= Required action =
Give all of the listing again word for word, with images excluded.

= Information given =

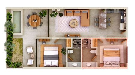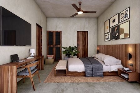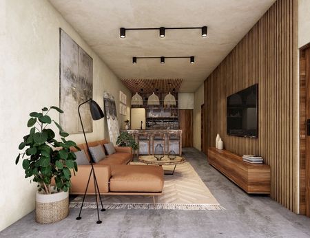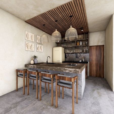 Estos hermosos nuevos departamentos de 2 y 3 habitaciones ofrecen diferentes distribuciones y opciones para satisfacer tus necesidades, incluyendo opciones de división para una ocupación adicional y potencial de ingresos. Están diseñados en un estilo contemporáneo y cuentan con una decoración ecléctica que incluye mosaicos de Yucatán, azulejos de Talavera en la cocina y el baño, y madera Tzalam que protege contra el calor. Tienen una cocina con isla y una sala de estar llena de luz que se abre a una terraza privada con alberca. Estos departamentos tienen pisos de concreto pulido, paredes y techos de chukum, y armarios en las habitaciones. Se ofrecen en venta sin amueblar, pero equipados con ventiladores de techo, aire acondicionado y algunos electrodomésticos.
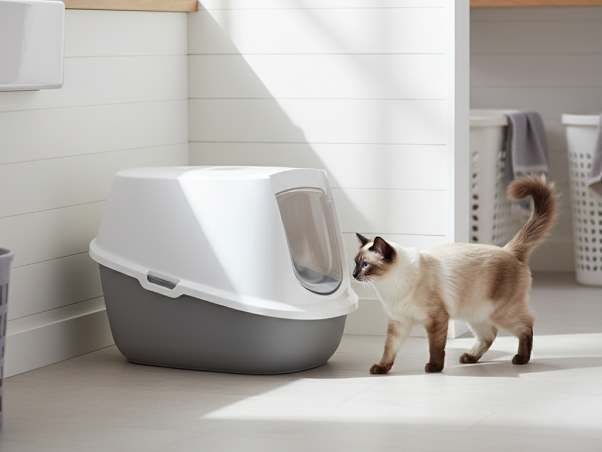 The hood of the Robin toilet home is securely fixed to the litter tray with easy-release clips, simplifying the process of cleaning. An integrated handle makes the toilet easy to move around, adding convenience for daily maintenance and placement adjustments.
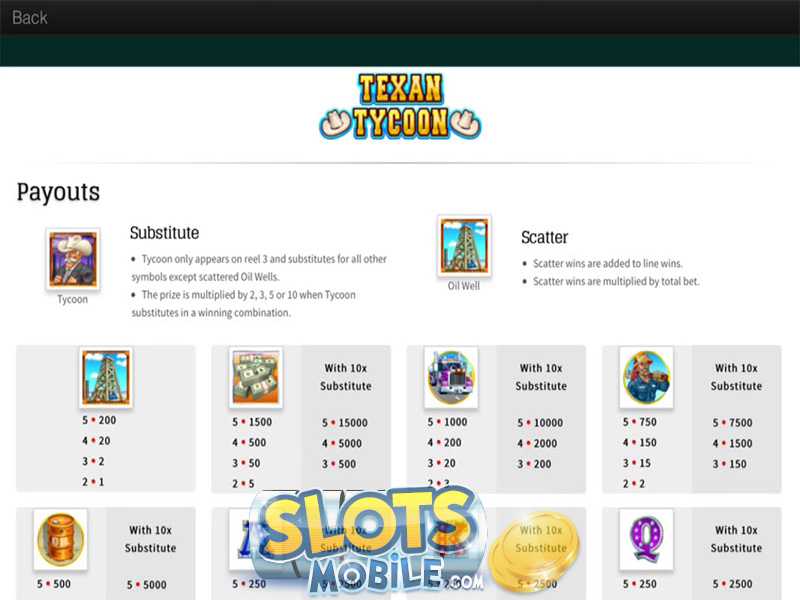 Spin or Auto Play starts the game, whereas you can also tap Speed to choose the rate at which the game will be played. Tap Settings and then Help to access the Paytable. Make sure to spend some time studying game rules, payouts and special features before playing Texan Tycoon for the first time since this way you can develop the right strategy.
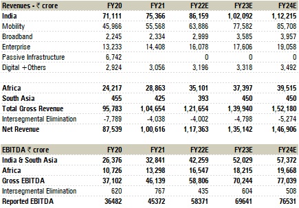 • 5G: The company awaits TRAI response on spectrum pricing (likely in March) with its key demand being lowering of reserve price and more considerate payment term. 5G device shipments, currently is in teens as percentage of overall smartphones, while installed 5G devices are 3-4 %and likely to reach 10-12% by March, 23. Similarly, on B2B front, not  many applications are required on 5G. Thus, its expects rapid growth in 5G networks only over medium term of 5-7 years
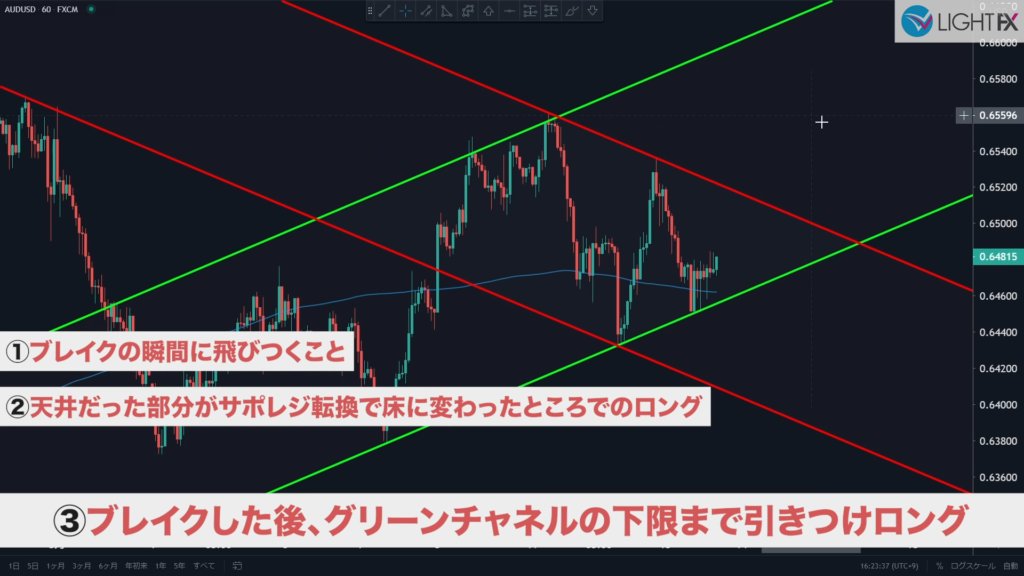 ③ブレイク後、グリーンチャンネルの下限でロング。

= Written answer =
 Estos hermosos nuevos departamentos de 2 y 3 habitaciones ofrecen diferentes distribuciones y opciones para satisfacer tus necesidades, incluyendo opciones de división para una ocupación adicional y potencial de ingresos. Están diseñados en un estilo contemporáneo y cuentan con una decoración ecléctica que incluye mosaicos de Yucatán, azulejos de Talavera en la cocina y el baño, y madera Tzalam que protege contra el calor. Tienen una cocina con isla y una sala de estar llena de luz que se abre a una terraza privada con alberca. Estos departamentos tienen pisos de concreto pulido, paredes y techos de chukum, y armarios en las habitaciones. Se ofrecen en venta sin amueblar, pero equipados con ventiladores de techo, aire acondicionado y algunos electrodomésticos.
 The hood of the Robin toilet home is securely fixed to the litter tray with easy-release clips, simplifying the process of cleaning. An integrated handle makes the toilet easy to move around, adding convenience for daily maintenance and placement adjustments.
 Spin or Auto Play starts the game, whereas you can also tap Speed to choose the rate at which the game will be played. Tap Settings and then Help to access the Paytable. Make sure to spend some time studying game rules, payouts and special features before playing Texan Tycoon for the first time since this way you can develop the right strategy.
 • 5G: The company awaits TRAI response on spectrum pricing (likely in March) with its key demand being lowering of reserve price and more considerate payment term. 5G device shipments, currently is in teens as percentage of overall smartphones, while installed 5G devices are 3-4 %and likely to reach 10-12% by March, 23. Similarly, on B2B front, not  many applications are required on 5G. Thus, its expects rapid growth in 5G networks only over medium term of 5-7 years
 ③ブレイク後、グリーンチャンネルの下限でロング。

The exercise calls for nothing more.